┌─ Extracted information

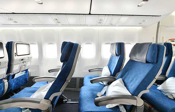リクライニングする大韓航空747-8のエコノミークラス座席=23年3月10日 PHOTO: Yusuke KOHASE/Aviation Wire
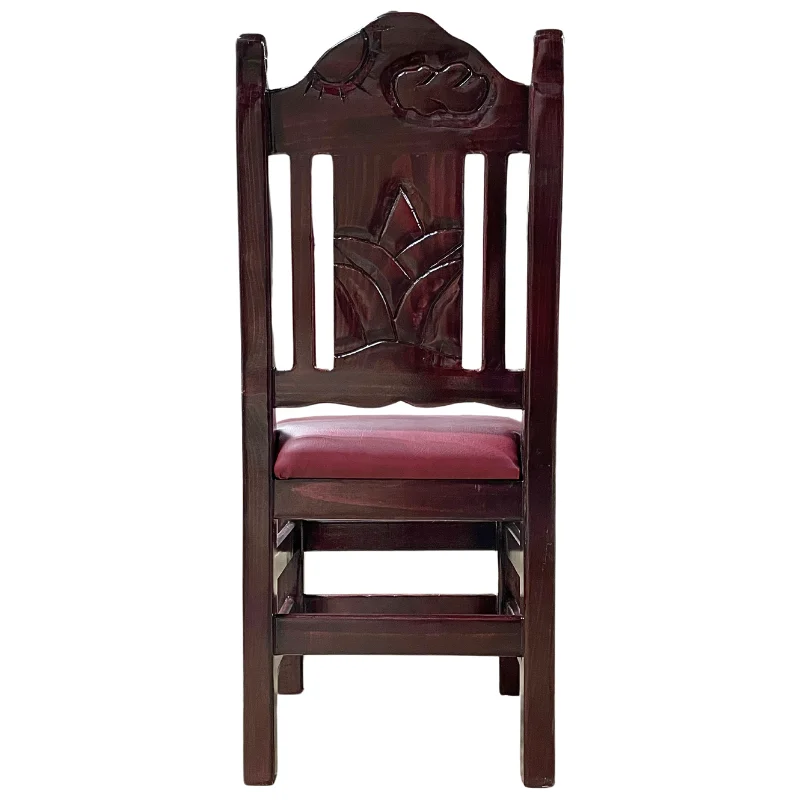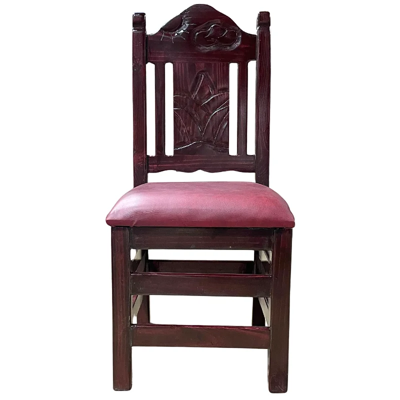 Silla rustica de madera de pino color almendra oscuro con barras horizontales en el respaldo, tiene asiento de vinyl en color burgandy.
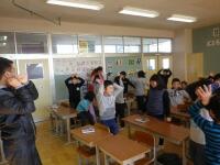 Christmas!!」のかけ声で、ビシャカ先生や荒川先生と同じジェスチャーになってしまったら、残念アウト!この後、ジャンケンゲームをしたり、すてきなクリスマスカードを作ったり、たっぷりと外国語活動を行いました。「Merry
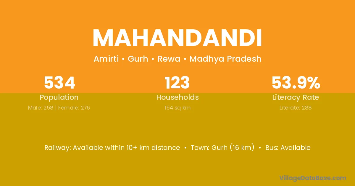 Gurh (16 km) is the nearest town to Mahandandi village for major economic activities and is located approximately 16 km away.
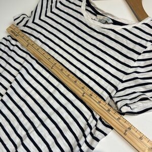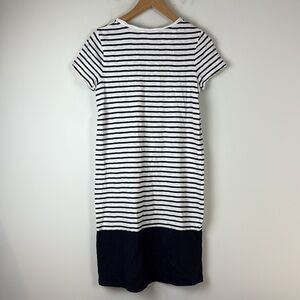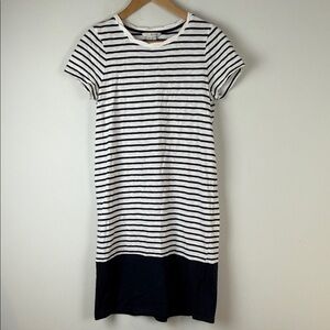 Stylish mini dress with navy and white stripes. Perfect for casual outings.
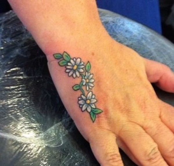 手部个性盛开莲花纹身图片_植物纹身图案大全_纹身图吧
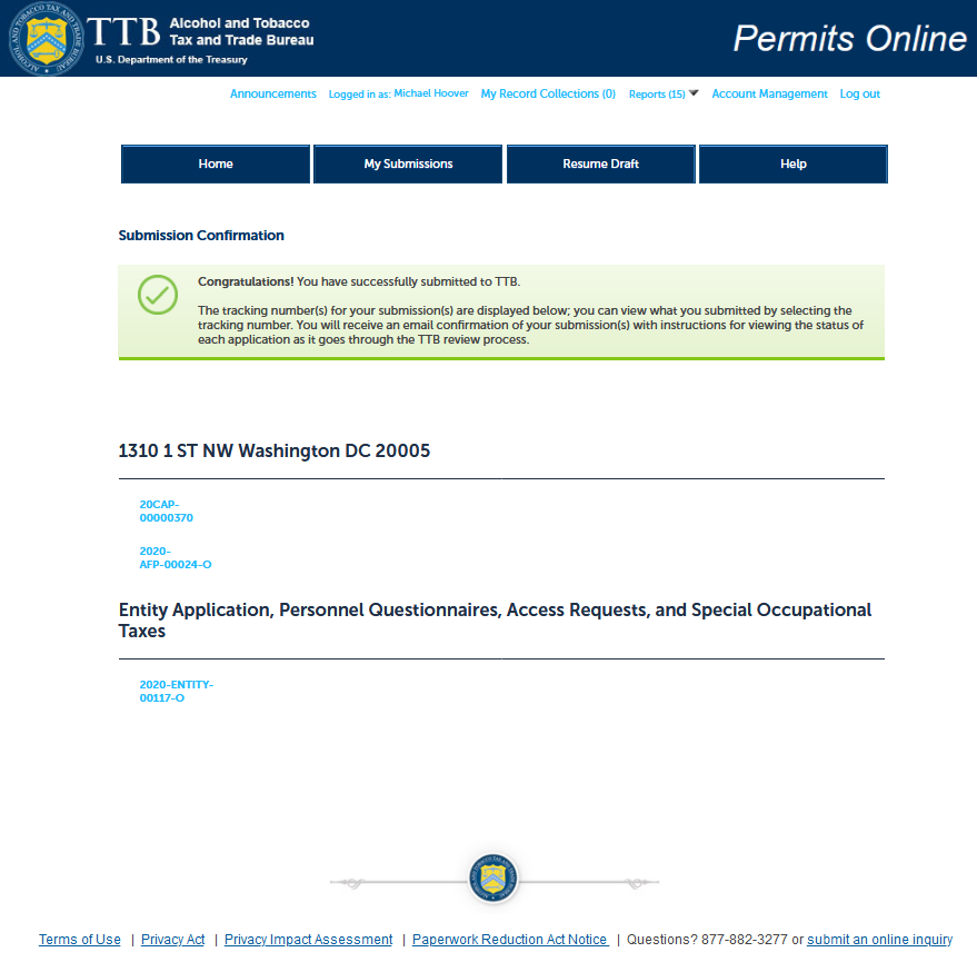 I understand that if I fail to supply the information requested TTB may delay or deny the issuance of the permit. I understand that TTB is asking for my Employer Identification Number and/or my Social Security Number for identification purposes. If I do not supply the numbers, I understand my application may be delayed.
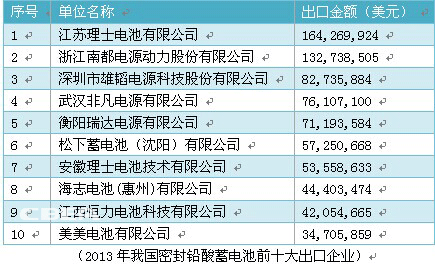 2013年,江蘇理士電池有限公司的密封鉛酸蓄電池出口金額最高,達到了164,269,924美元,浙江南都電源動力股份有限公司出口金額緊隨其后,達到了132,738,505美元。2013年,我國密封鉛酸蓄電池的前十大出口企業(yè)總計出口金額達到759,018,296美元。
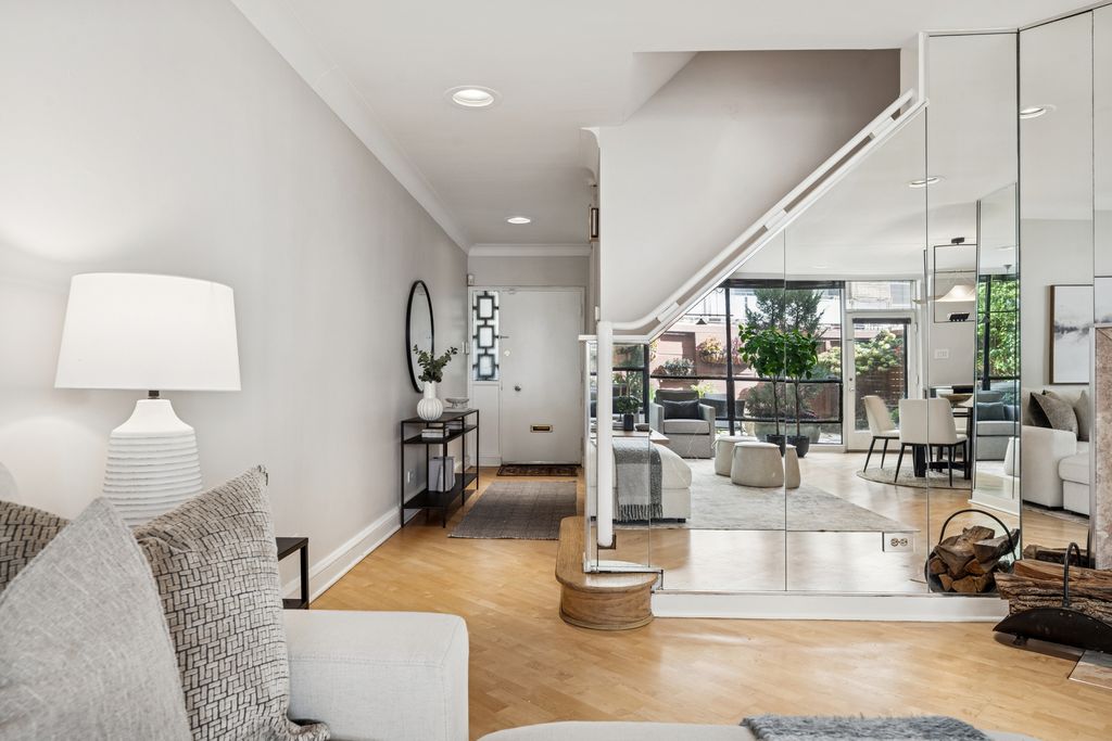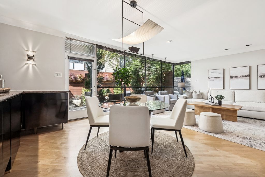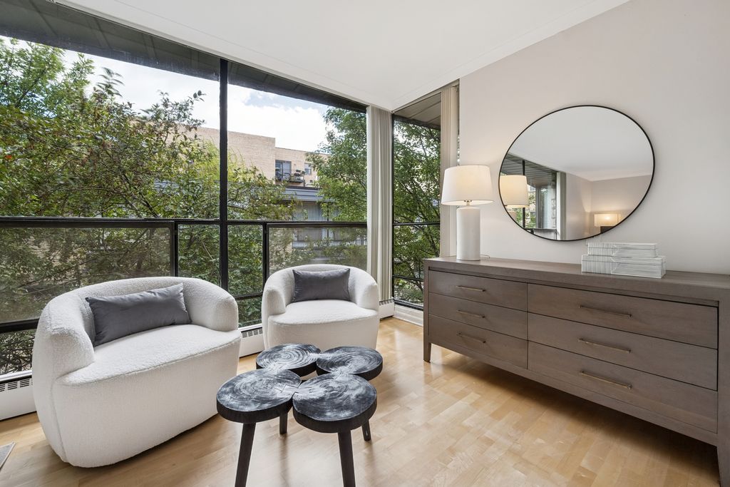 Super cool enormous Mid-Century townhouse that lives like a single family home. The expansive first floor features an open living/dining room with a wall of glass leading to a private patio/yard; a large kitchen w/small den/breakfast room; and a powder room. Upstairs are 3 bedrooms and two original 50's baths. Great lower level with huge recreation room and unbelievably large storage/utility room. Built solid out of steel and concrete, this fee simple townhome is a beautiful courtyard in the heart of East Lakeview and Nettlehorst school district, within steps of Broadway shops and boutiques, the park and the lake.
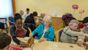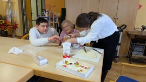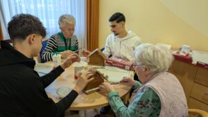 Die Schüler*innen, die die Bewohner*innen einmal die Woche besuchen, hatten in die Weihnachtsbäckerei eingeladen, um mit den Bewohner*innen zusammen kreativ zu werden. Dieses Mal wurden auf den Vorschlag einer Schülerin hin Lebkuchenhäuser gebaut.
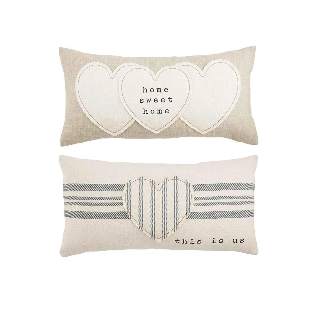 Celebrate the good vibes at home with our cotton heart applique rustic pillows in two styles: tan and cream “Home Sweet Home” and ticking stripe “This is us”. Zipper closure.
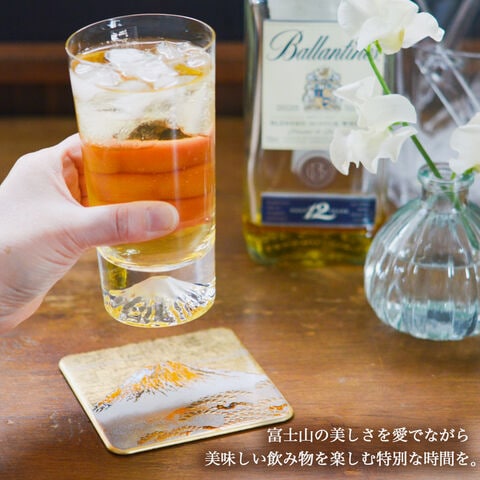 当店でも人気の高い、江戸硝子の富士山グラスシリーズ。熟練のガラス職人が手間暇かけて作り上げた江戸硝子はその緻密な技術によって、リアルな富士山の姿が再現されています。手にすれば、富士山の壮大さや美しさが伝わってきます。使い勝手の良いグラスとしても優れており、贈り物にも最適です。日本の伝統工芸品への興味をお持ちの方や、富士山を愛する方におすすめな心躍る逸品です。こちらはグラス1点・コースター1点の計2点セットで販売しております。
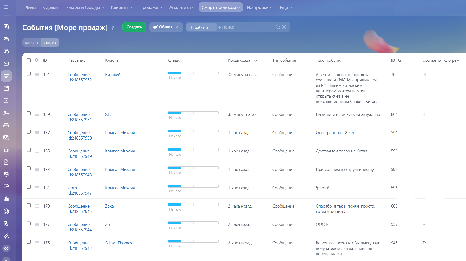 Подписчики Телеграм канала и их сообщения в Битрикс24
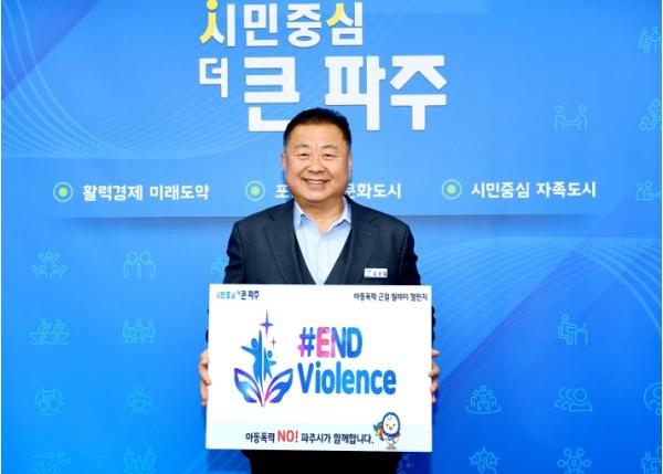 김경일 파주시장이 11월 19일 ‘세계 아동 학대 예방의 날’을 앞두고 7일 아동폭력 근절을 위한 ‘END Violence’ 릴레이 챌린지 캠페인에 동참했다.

└─

# [What is needed]
Return every entry above exactly as written, minus the pictures.

# [Answer for the task]
リクライニングする大韓航空747-8のエコノミークラス座席=23年3月10日 PHOTO: Yusuke KOHASE/Aviation Wire
 Silla rustica de madera de pino color almendra oscuro con barras horizontales en el respaldo, tiene asiento de vinyl en color burgandy.
 Christmas!!」のかけ声で、ビシャカ先生や荒川先生と同じジェスチャーになってしまったら、残念アウト!この後、ジャンケンゲームをしたり、すてきなクリスマスカードを作ったり、たっぷりと外国語活動を行いました。「Merry
 Gurh (16 km) is the nearest town to Mahandandi village for major economic activities and is located approximately 16 km away.
 Stylish mini dress with navy and white stripes. Perfect for casual outings.
 手部个性盛开莲花纹身图片_植物纹身图案大全_纹身图吧
 I understand that if I fail to supply the information requested TTB may delay or deny the issuance of the permit. I understand that TTB is asking for my Employer Identification Number and/or my Social Security Number for identification purposes. If I do not supply the numbers, I understand my application may be delayed.
 2013年,江蘇理士電池有限公司的密封鉛酸蓄電池出口金額最高,達到了164,269,924美元,浙江南都電源動力股份有限公司出口金額緊隨其后,達到了132,738,505美元。2013年,我國密封鉛酸蓄電池的前十大出口企業(yè)總計出口金額達到759,018,296美元。
 Super cool enormous Mid-Century townhouse that lives like a single family home. The expansive first floor features an open living/dining room with a wall of glass leading to a private patio/yard; a large kitchen w/small den/breakfast room; and a powder room. Upstairs are 3 bedrooms and two original 50's baths. Great lower level with huge recreation room and unbelievably large storage/utility room. Built solid out of steel and concrete, this fee simple townhome is a beautiful courtyard in the heart of East Lakeview and Nettlehorst school district, within steps of Broadway shops and boutiques, the park and the lake.
 Die Schüler*innen, die die Bewohner*innen einmal die Woche besuchen, hatten in die Weihnachtsbäckerei eingeladen, um mit den Bewohner*innen zusammen kreativ zu werden. Dieses Mal wurden auf den Vorschlag einer Schülerin hin Lebkuchenhäuser gebaut.
 Celebrate the good vibes at home with our cotton heart applique rustic pillows in two styles: tan and cream “Home Sweet Home” and ticking stripe “This is us”. Zipper closure.
 当店でも人気の高い、江戸硝子の富士山グラスシリーズ。熟練のガラス職人が手間暇かけて作り上げた江戸硝子はその緻密な技術によって、リアルな富士山の姿が再現されています。手にすれば、富士山の壮大さや美しさが伝わってきます。使い勝手の良いグラスとしても優れており、贈り物にも最適です。日本の伝統工芸品への興味をお持ちの方や、富士山を愛する方におすすめな心躍る逸品です。こちらはグラス1点・コースター1点の計2点セットで販売しております。
 Подписчики Телеграм канала и их сообщения в Битрикс24
 김경일 파주시장이 11월 19일 ‘세계 아동 학대 예방의 날’을 앞두고 7일 아동폭력 근절을 위한 ‘END Violence’ 릴레이 챌린지 캠페인에 동참했다.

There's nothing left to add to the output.